Myeloma-Developing Regimens Using Genomics (MyDRUG) (MyDRUG)

• ClinicalTrials.gov Identifier: NCT03732703
• Recruitment Status: Unknown
• First Posted: November 7, 2018
• Last Update Posted: September 10, 2021
• Sponsor: Multiple Myeloma Research Consortium
• Collaborators: AbbVie; Celgene Corporation; Eli Lilly and Company; Genentech, Inc.; Janssen, LP; Takeda; GlaxoSmithKline; Karyopharm Therapeutics Inc
• Information provided by (Responsible Party): Multiple Myeloma Research Consortium

Study Description

Brief Summary:

The MyDRUG study is a type of Precision Medicine trial to treat patients with drugs targeted to affect specific genes that are mutated as part of the disease. Mutations in genes can lead to uncontrolled cell growth and cancer. Patients with a greater than 25% mutation to any of the following genes; CDKN2C, FGFR3, KRAS, NRAS, BRAF V600E, IDH2 or T(11;14) can be enrolled to one of the treatment arms. These arms have treatments specifically directed to the mutated genes.
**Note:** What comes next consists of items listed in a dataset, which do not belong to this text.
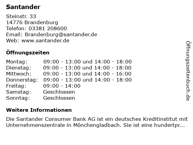 | Öffnungszeiten Santander in Brandenburg anzeigen | |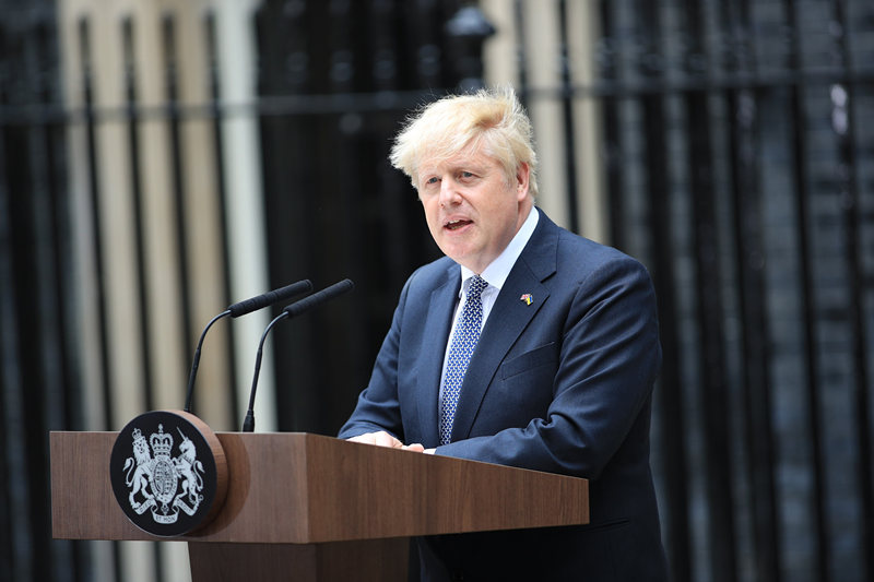 O primeiro-ministro da Gr?-Bretanha, Boris Johnson, faz uma declara??o em frente à Downing Street, no centro de Londres, na quinta-feira. Johnson deixou o cargo de líder do Partido Conservador, após três anos tumultuados no cargo marcados pelo Brexit, Covid-19 e escandalos crescentes. [Foto: JUSTIN TALLIS/AFP]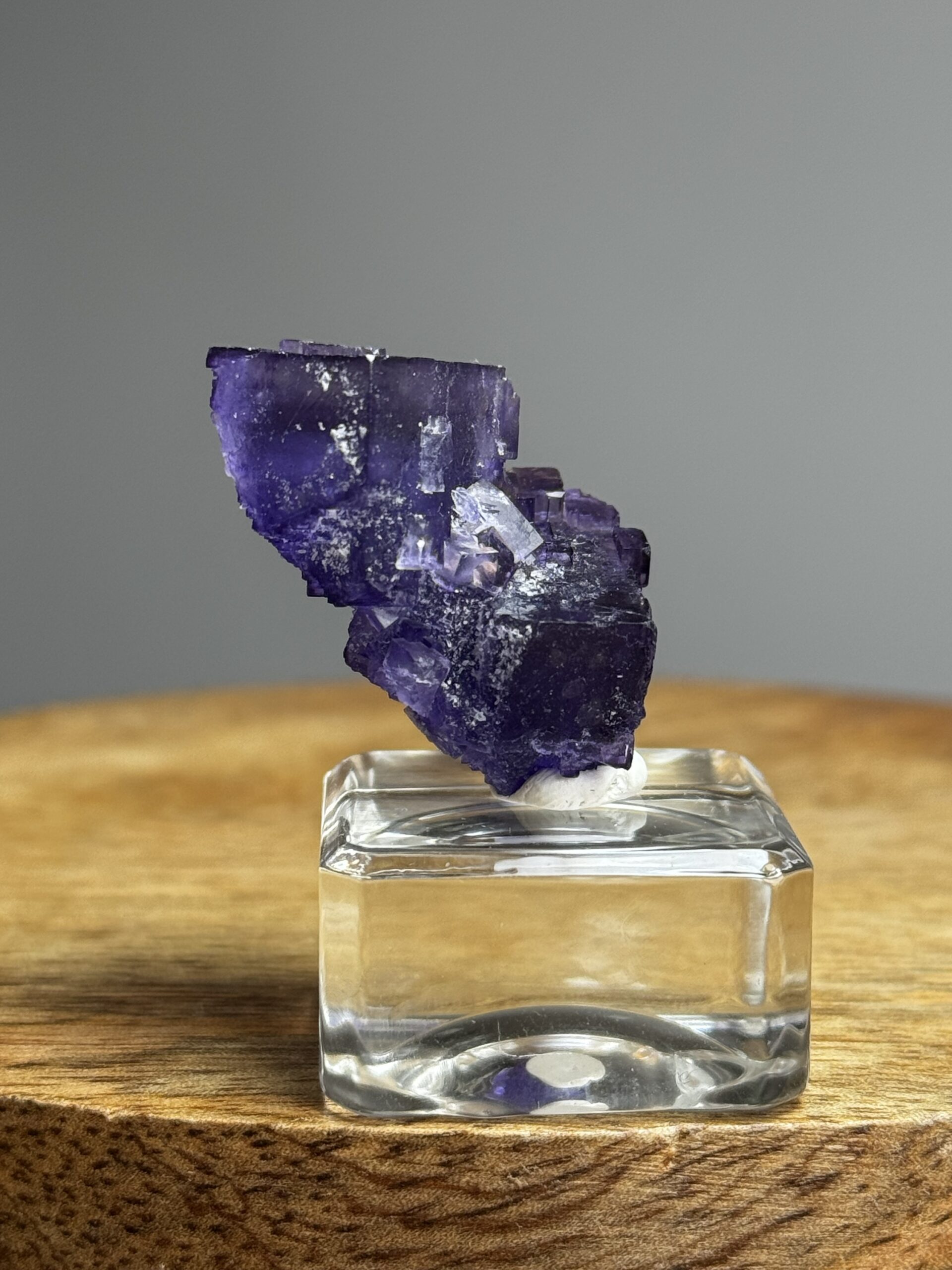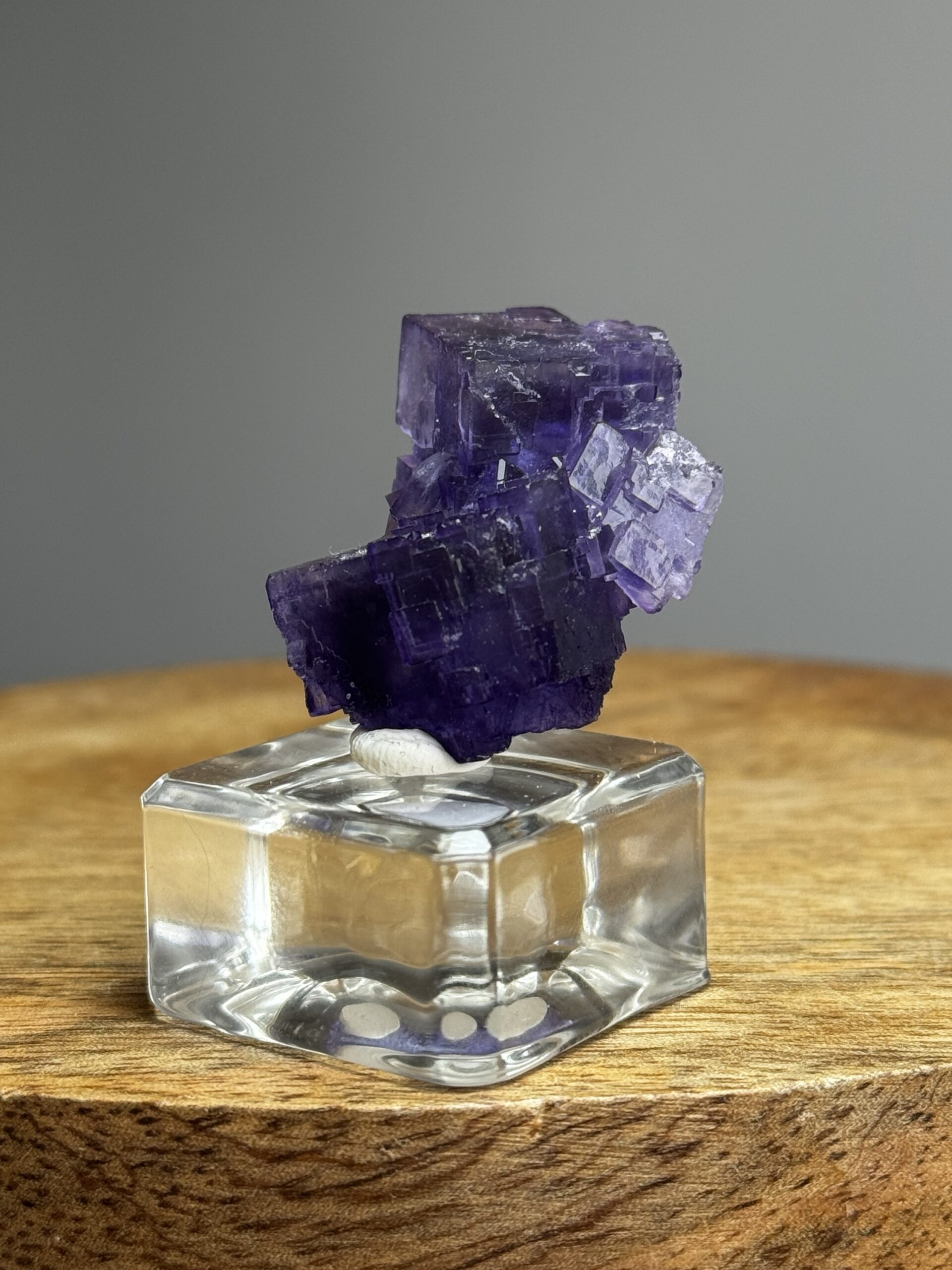 Uniek stukje paarse fluoriet uit Akesu, Xinjiang. Dit is een bekende vindplaats in China die geliefd is bij verzamelaars vanwege de intens paarse kleur en glasachtige glans.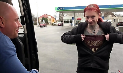 Downright Pierced and Tattooed Wierd Creature Rock the Cock in Driving Van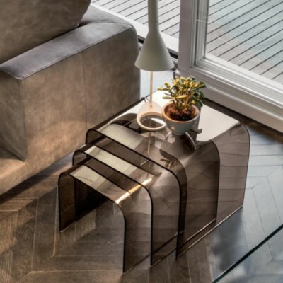 Pomocí konferenčních a přídavných stolů Anemone propojíte perfektně doplňky v celém interiéru. Jednoduchý vzhled stolků ze zaobleného skla nepůsobí v prostoru mohutně, ale spíše odlehčeným dojmem.

Patients that do not have a greater than 25% mutation to the genes listed can be enrolled to a non-actionable treatment arm.

The genetic sequencing of the patient's tumor is required via enrollment to the MMRF002 study: Clinical-grade Molecular Profiling of Patients with Multiple Myeloma and Related Plasma Cell Malignancies. (NCT02884102).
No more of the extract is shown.